I have a UDF written in Scala that I'd like to be able to call through a Pyspark session. The UDF takes two parameters, string column value and a second string parameter. I've been able to successfully call the UDF if it takes only a single parameter (column value). I'm struggling to call the UDF if there's multiple parameters required. Here's what I've been able to do so far in Scala and then through Pyspark:
Scala UDF:
class SparkUDFTest() extends Serializable {
def stringLength(columnValue: String, columnName: String): Int =
LOG.info("Column name is: " + columnName)
return columnValue.length
}
When using this in Scala, I've been able to register and use this UDF:
Scala main class:
val udfInstance = new SparkUDFTest()
val stringLength = spark.sqlContext.udf.register("stringlength", udfInstance.stringLength _)

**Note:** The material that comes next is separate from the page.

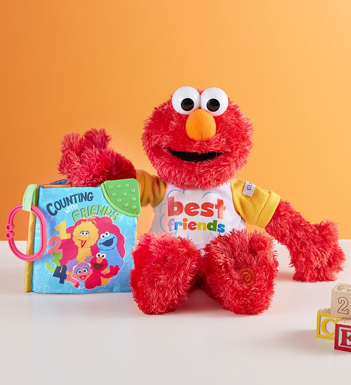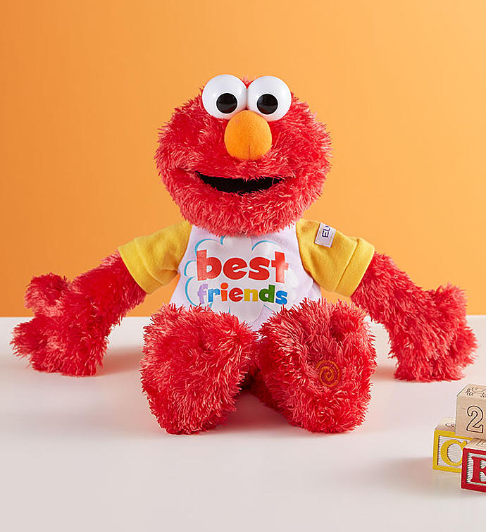 Elmo is always ready for a hug from his best friend—a special child you know! Everyone’s favorite furry red friend from Sesame Street, our talking plush Elmo wears a “Best Friends” T-shirt and says as many as eight fun phrases in his popular giggly voice. Make their day even sunnier by including a Sesame Street children’s book for learning letters, numbers, and shapes … with Elmo nearby!

val newDF = df.withColumn("name", stringLength(col("email"), lit("email")))
The above works successfully. Here's the attempt through Pyspark:
def testStringLength(colValue, colName):
package = "com.test.example.udf.SparkUDFTest"
udfInstance = sc._jvm.java.lang.Thread.currentThread().getContextClassLoader().loadClass(testpackage).newInstance().stringLength().apply
return Column(udfInstance(_to_seq(sc, [colValue], _to_java_column), colName))
Call the UDF in Pyspark:
df.withColumn("email", testStringLength("email", lit("email")))
Doing the above and making some adjustments in Pyspark gives me following errors:
py4j.Py4JException: Method getStringLength([]) does not exist
or
java.lang.ClassCastException: com.test.example.udf.SparkUDFTest$$anonfun$stringLength$1 cannot be cast to scala.Function1
or
TypeError: 'Column' object is not callable
I was able to modify the UDF to take just a single parameter (the column value) and was able to successfully call it and get back a new Dataframe.
Scala UDF Class
class SparkUDFTest() extends Serializable {
def testStringLength(): UserDefinedFunction = udf(stringLength _)
def stringLength(columnValue: String): Int =
LOG.info("Column name is: " + columnName)
return columnValue.length
}
Updating Python code:
def testStringLength(colValue, colName):
package = "com.test.example.udf.SparkUDFTest"
udfInstance = sc._jvm.java.lang.Thread.currentThread().getContextClassLoader().loadClass(testpackage).newInstance().testStringLength().apply
return Column(udfInstance(_to_seq(sc, [colValue], _to_java_column)))
The above works successfully. I'm still struggling to call the UDF if the UDF takes an extra parameter. How can the second parameter be passed to the UDF through in Pyspark?